Before Alex George's revision of 1981, this species was labelled informally as B. sphaerocarpa var. pinifolia or var. major.

==Distribution and habitat==
Variety leptophylla grows in shrubland and kwongan between Tathra National Park and Moora and var. melletica grows in kwongan near the coast between Kalbarri and Guilderton.

==Ecology==
Banksia leptophylla is one of five Banksia species, all closely related to B. sphaerocarpa, that have highly unusual flower nectar. (Note: The other four species are Banksia grossa, B. incana, B. telmatiaea and B. sphaerocarpa.) Whereas other Banksia species produce nectar that is clear and watery, the nectar of these species is pale yellow initially, but gradually becomes darker and thicker, changing to a thick, olive-green mucilage within one to two days of secretion, and eventually becoming "an almost black, gelatinous lump adhering to the base of the flowers". It was first noted by Byron Lamont in 1980; he attributed it to cyanobacteria that feed off the nectar sugars. Noting that many of these cyanobacteria had heterocysts, he speculated that they aid the plant by fixing atmospheric nitrogen, which is then washed off the flower heads by rain, and absorbed by the proteoid root mat. This purported symbiosis was investigated by Barrett and Lamont in 1985, but no evidence of nitrogen fixing was found. Further investigation by Markey and Lamont in 1996 suggested that the discolouration is not caused by cyanobacteria or other microorganisms in the nectar, but is rather "a chemical phenomenon of plant origin". Their analyses indicated that the nectar had unusually high levels of sugar and free amino acids, but three of these species, including B. leptophylla, have since been shown to have normal nectar sugar compositions.
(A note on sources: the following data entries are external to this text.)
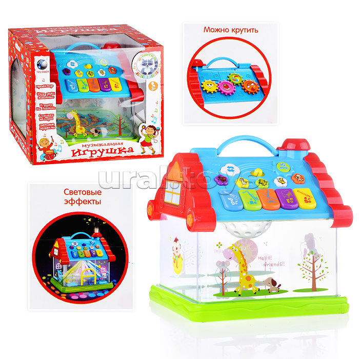 • Работает от 3-х батареек "АА" (не входят в комплект). • Функции: - проектор. - звуки животных и мелодии. - 5 клавиш пианино. • Материал: пластик. • Соответствует требованиям безопасности продукции. • Для детей от 3-х лет.
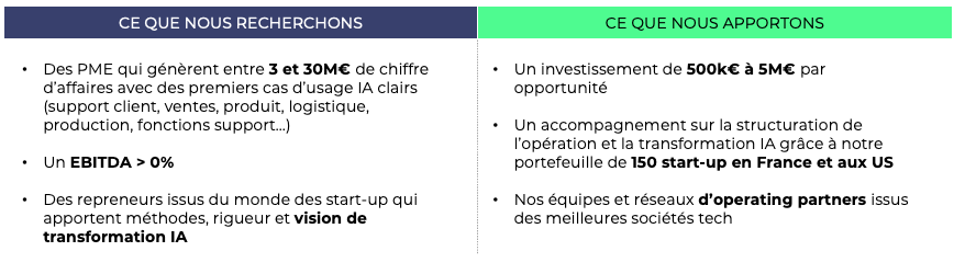 Nous avons l’intime conviction qu’une nouvelle génération d’entrepreneurs est en train d’émerger : ancrés dans le réel, qui allient ambition et pragmatisme et qui voient dans l’IA un levier de modernisation et de croissance de belles PME prêtes à être transformées.
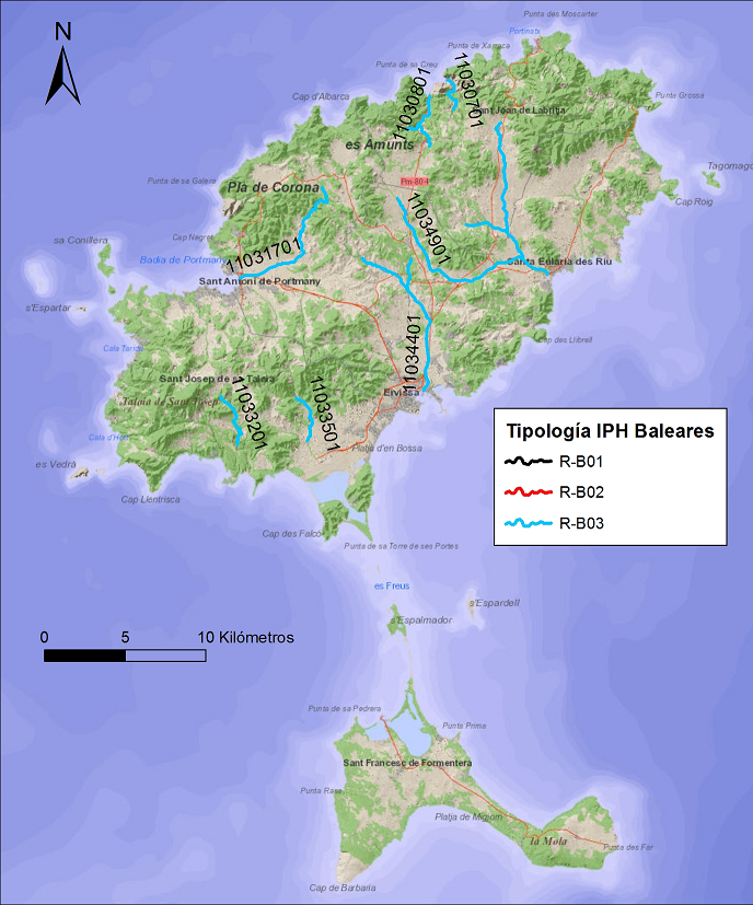 Tipus de masses d’aigües superficials de la categoria riu a les Illes Balears (Font: Annex 1 de la Memòria del PHIB 2022)
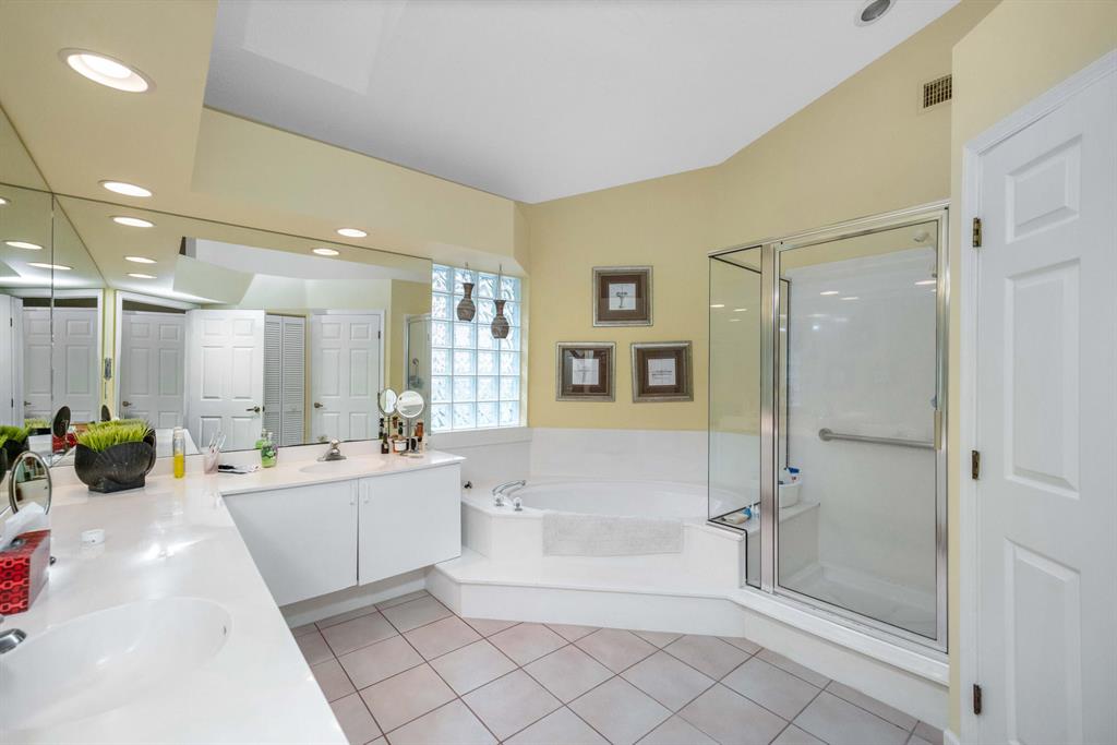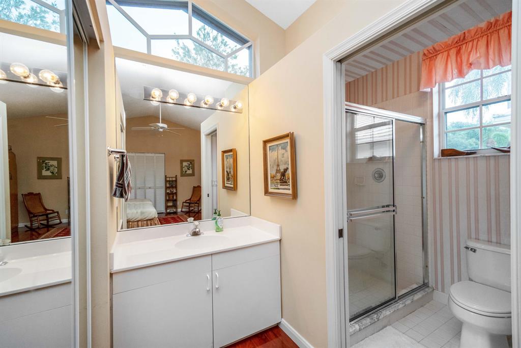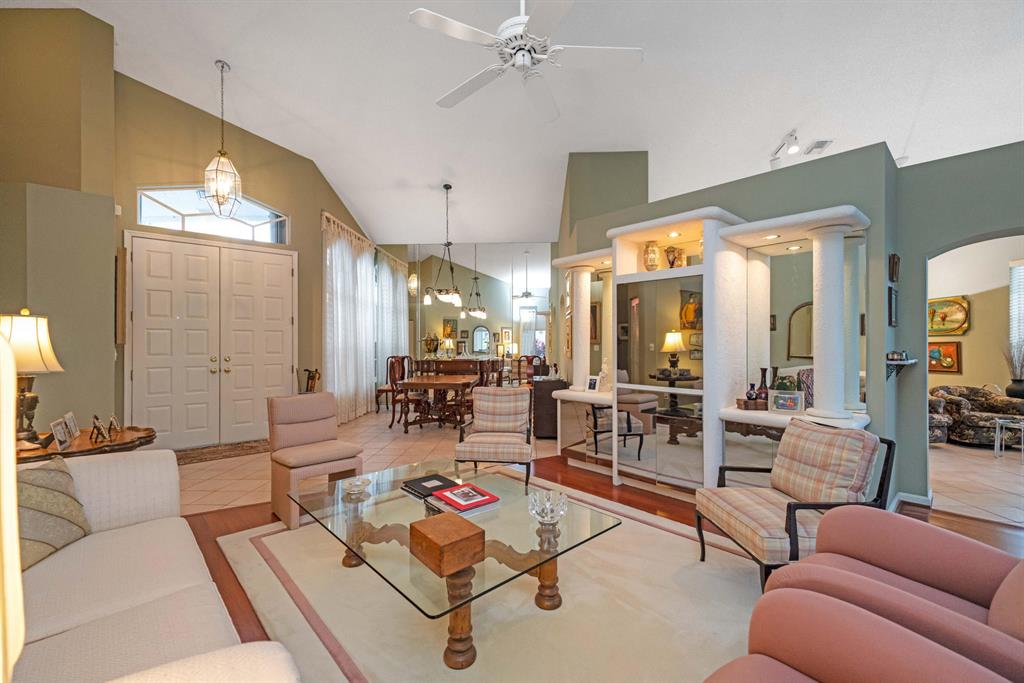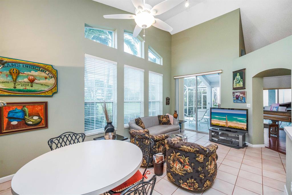 Welcome home to this seldom offered floor plan which gives you a true 3 bedroom and 3 bath home set on the West golf course. The living room, dining area and kitchen all have vaulted ceilings with the living room having a cherry veneer floor and two sets of sliders to the oversized lanai. The master is spacious with an oversized bath with separate tub and shower. The guest room at the end of the hall has it's own en-suite bath and two closets while the other guest room is currently being used as a library. Eastpointe is well sought after country club community with 2 golf courses and a new recreation center coming soon!
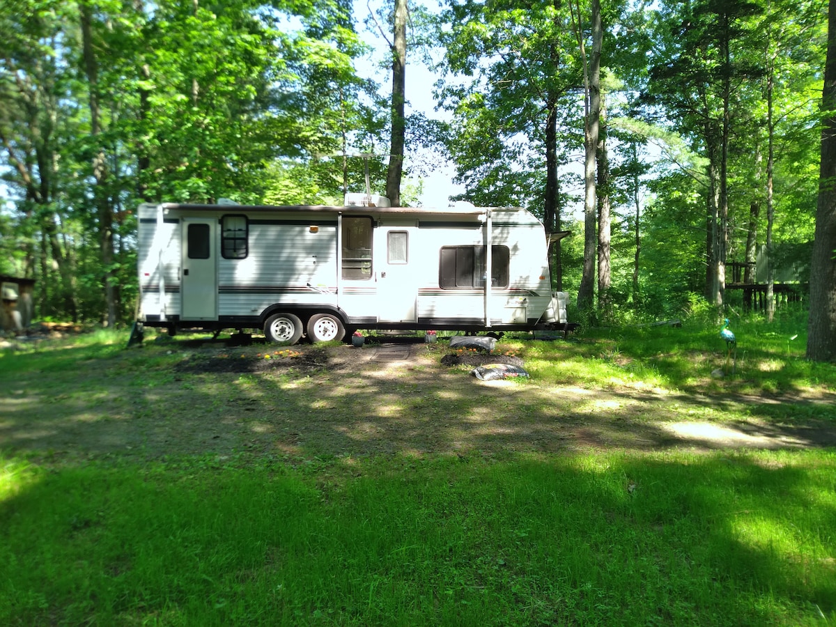 The Rv adventure is located at The Covered Bridge Campground in Livingston Manor NY on an absolutely beautiful creek endless nature. 45 minutes to Bethel woods. There is WiFi on the campground but your in the mountains in the woods. If you want to disconnect and be with the beauty of nature this is the perfect place. Book 2 day for your adventure in the woods with all the comforts of home. We provide all clean bedding, towels, pots, pans, bbq and fire pit.

An assessment of the potential impact of climate change on B. leptophylla found that its range is unlikely to contract and may actually grow, depending on the severity of the change and how effectively the species migrates into newly habitable areas.

==Conservation status==
Both varieties of B. leptophylla are classified as "not threatened" by the Western Australian Government Department of Parks and Wildlife.